_Problem to solve:_
Only the lines below from the one containing "Elegant navy blue" through the one containing "The McCulloch County Hunger" belong in the answer, repeated exactly and without pictures.

_Supplied material:_
____

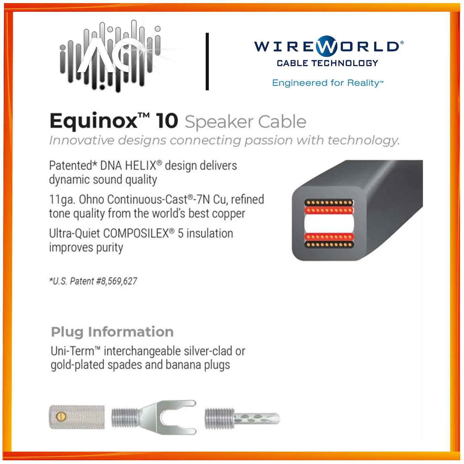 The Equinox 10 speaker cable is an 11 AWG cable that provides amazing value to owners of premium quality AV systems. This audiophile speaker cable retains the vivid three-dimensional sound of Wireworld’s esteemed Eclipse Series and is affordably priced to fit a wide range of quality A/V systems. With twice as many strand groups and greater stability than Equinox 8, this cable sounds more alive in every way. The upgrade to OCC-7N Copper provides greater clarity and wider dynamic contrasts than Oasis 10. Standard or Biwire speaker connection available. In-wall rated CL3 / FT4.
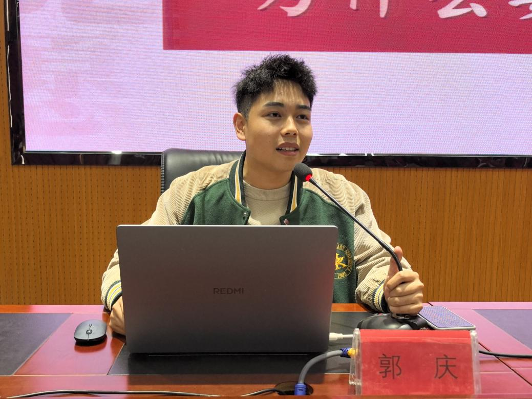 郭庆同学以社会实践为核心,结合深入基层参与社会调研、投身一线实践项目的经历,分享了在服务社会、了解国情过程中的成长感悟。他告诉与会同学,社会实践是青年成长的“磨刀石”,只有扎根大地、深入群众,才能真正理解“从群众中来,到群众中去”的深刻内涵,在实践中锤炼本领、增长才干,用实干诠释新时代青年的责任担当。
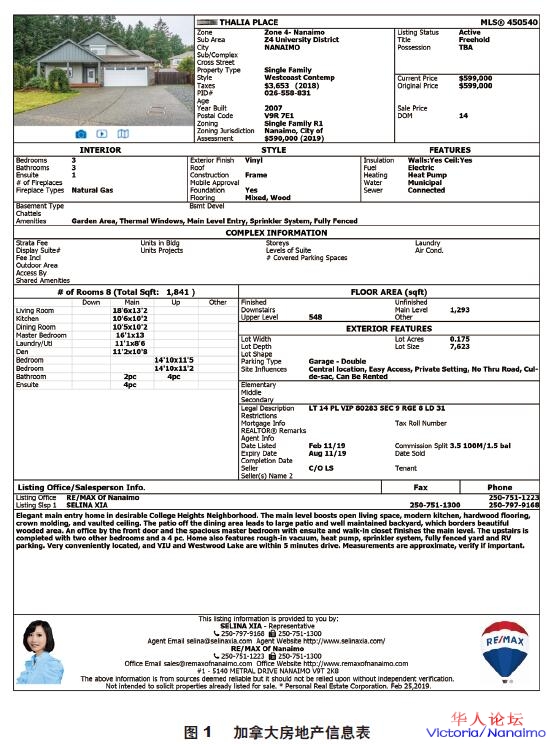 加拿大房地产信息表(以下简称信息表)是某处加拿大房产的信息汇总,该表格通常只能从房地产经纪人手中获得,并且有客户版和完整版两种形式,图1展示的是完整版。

____

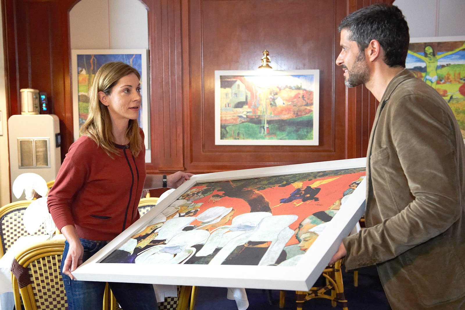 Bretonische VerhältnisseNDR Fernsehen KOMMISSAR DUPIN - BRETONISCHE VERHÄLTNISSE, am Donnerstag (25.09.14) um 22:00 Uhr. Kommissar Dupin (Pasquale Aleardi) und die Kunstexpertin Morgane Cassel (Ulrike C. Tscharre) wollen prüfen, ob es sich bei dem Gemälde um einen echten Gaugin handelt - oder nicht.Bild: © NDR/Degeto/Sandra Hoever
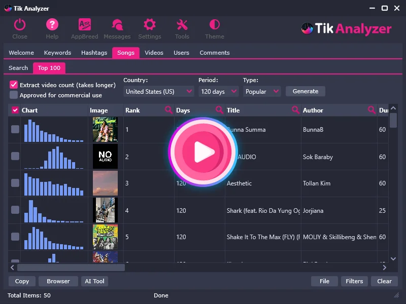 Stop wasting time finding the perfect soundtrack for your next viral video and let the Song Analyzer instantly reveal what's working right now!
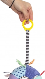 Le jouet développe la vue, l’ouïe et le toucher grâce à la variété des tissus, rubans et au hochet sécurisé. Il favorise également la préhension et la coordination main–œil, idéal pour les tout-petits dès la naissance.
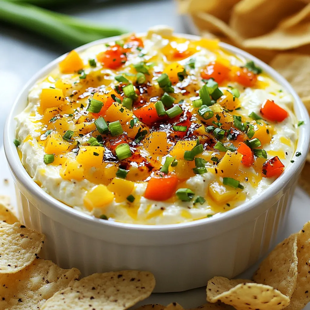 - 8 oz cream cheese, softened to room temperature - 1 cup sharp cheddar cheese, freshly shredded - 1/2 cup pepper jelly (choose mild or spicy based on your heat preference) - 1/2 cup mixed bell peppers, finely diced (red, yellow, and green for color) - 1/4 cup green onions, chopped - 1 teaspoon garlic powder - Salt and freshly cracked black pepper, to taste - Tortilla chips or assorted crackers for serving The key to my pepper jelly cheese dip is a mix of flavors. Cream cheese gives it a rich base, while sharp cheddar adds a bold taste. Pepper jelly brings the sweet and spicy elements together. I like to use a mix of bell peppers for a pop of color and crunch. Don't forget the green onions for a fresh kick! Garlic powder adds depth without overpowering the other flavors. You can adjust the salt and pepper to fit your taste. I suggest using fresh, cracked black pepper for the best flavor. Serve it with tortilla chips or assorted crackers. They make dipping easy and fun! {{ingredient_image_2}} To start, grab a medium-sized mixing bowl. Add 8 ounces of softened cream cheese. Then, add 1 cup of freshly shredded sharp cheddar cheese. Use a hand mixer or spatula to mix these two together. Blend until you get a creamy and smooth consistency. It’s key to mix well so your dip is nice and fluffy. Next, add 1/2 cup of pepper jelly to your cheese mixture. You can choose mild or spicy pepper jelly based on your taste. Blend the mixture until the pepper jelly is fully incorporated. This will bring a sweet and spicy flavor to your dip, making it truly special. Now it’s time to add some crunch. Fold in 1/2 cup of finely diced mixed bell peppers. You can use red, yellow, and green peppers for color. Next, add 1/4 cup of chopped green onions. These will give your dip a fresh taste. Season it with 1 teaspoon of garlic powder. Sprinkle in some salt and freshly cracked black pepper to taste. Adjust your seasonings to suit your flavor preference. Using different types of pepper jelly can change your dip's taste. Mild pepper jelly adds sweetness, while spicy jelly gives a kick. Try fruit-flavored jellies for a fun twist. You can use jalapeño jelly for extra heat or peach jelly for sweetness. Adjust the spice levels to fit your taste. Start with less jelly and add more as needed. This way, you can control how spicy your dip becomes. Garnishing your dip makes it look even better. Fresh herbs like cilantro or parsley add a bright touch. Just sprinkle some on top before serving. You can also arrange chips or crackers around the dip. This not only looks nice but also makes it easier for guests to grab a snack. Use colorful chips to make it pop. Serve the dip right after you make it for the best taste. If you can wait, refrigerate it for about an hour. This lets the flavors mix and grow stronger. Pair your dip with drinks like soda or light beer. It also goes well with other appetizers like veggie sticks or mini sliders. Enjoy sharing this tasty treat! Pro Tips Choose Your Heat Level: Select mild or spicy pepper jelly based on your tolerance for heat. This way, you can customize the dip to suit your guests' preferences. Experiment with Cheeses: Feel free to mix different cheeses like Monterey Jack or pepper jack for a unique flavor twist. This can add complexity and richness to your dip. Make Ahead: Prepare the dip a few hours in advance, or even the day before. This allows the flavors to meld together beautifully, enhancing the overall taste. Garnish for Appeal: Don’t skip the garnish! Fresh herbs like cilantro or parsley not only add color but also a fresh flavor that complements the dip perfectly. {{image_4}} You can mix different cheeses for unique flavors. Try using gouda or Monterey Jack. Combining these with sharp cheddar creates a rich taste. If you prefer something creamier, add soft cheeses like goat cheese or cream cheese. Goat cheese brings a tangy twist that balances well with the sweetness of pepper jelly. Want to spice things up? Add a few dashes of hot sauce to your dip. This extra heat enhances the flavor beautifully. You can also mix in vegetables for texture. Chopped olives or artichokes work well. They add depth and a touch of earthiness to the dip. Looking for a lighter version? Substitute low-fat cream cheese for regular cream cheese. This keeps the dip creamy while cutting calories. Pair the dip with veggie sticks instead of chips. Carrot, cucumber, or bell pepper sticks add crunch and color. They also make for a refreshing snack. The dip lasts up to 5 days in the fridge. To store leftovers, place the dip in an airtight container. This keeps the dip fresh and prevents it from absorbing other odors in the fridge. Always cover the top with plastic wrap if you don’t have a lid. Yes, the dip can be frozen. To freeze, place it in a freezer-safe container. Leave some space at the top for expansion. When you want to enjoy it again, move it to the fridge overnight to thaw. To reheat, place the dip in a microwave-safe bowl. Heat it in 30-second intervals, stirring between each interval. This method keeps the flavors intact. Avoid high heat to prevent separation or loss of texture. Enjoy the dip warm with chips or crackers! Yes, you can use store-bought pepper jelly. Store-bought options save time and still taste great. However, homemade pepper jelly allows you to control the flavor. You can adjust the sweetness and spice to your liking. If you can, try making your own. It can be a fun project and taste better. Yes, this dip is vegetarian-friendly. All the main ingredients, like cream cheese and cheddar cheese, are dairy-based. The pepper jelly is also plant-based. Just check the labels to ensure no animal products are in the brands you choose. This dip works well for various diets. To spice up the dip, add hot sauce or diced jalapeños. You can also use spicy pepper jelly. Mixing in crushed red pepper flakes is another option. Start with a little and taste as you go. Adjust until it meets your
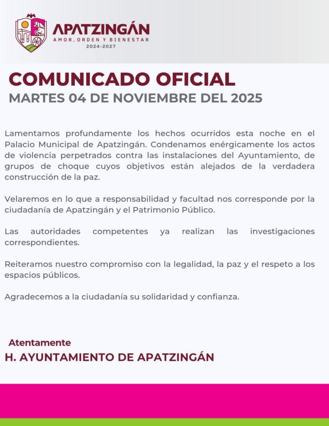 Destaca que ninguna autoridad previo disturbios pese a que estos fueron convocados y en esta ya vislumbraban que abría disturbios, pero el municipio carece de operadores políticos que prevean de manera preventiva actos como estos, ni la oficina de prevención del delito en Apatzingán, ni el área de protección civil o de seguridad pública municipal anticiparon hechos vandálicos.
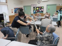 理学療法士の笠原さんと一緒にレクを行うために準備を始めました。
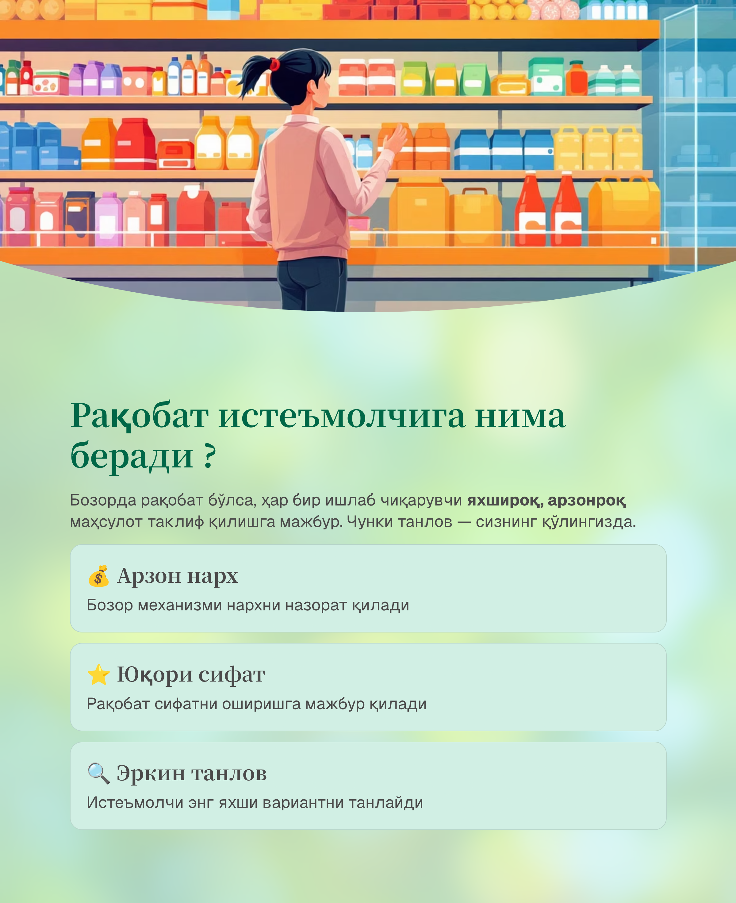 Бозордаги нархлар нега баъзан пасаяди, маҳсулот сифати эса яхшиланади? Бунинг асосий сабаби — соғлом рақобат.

____

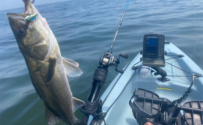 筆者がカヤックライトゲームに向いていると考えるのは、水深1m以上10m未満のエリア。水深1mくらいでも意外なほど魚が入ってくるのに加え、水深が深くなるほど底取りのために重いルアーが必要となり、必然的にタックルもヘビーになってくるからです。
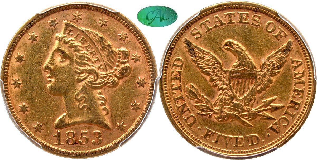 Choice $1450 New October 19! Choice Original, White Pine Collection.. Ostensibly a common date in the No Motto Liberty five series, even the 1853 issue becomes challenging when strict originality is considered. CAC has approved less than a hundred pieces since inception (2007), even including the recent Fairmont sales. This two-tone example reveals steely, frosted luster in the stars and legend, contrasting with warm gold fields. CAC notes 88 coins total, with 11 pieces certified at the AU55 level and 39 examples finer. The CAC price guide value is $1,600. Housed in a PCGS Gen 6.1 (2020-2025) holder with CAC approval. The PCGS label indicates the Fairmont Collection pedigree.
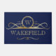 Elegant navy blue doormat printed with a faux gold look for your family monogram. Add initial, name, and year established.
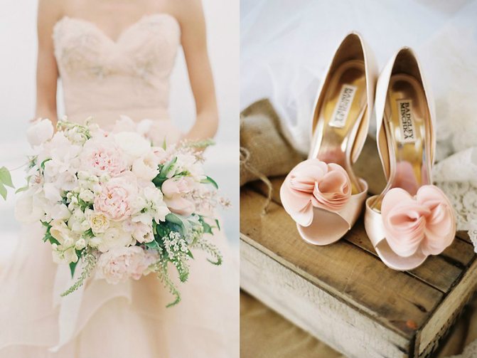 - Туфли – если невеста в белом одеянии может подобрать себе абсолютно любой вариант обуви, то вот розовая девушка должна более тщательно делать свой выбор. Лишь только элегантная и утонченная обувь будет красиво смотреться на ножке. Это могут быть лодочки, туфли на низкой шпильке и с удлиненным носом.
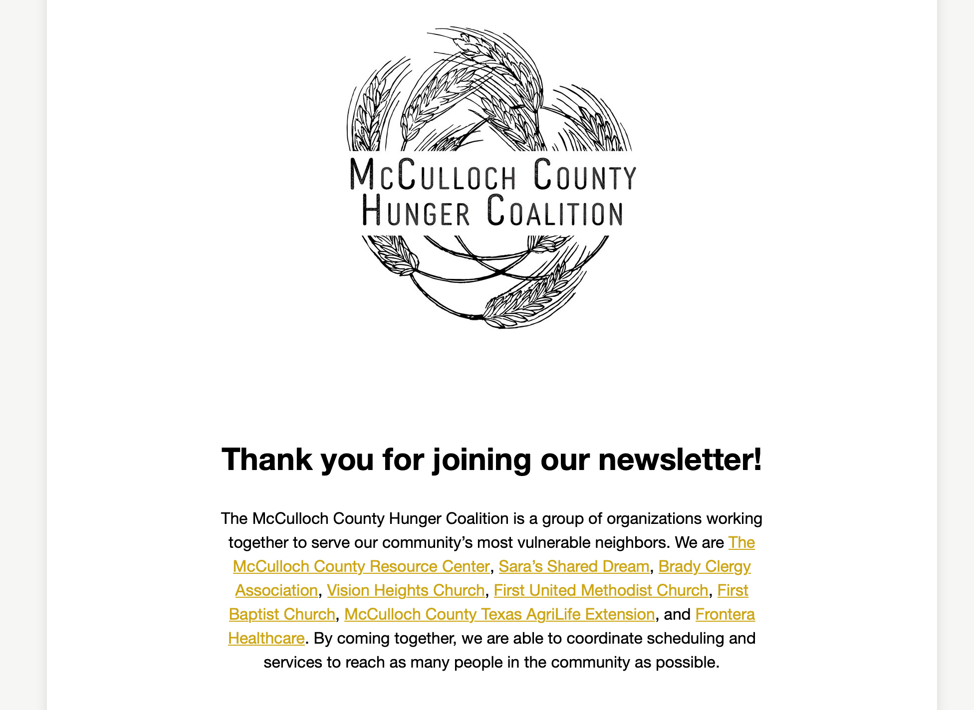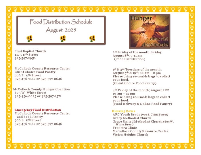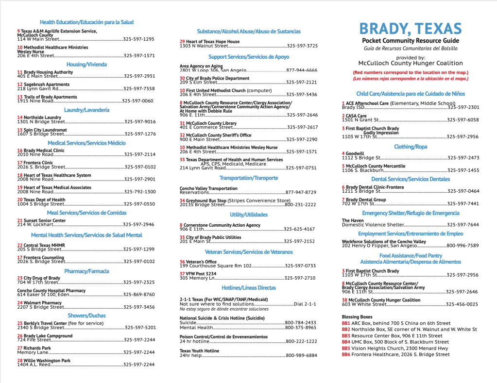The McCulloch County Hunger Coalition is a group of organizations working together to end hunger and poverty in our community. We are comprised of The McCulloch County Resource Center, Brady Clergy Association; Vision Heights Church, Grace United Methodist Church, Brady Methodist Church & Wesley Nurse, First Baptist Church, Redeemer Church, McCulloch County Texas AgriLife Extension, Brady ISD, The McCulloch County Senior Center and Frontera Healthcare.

____

_Answer to this task:_
 Elegant navy blue doormat printed with a faux gold look for your family monogram. Add initial, name, and year established.
 - Туфли – если невеста в белом одеянии может подобрать себе абсолютно любой вариант обуви, то вот розовая девушка должна более тщательно делать свой выбор. Лишь только элегантная и утонченная обувь будет красиво смотреться на ножке. Это могут быть лодочки, туфли на низкой шпильке и с удлиненным носом.
The McCulloch County Hunger Coalition is a group of organizations working together to end hunger and poverty in our community. We are comprised of The McCulloch County Resource Center, Brady Clergy Association; Vision Heights Church, Grace United Methodist Church, Brady Methodist Church & Wesley Nurse, First Baptist Church, Redeemer Church, McCulloch County Texas AgriLife Extension, Brady ISD, The McCulloch County Senior Center and Frontera Healthcare.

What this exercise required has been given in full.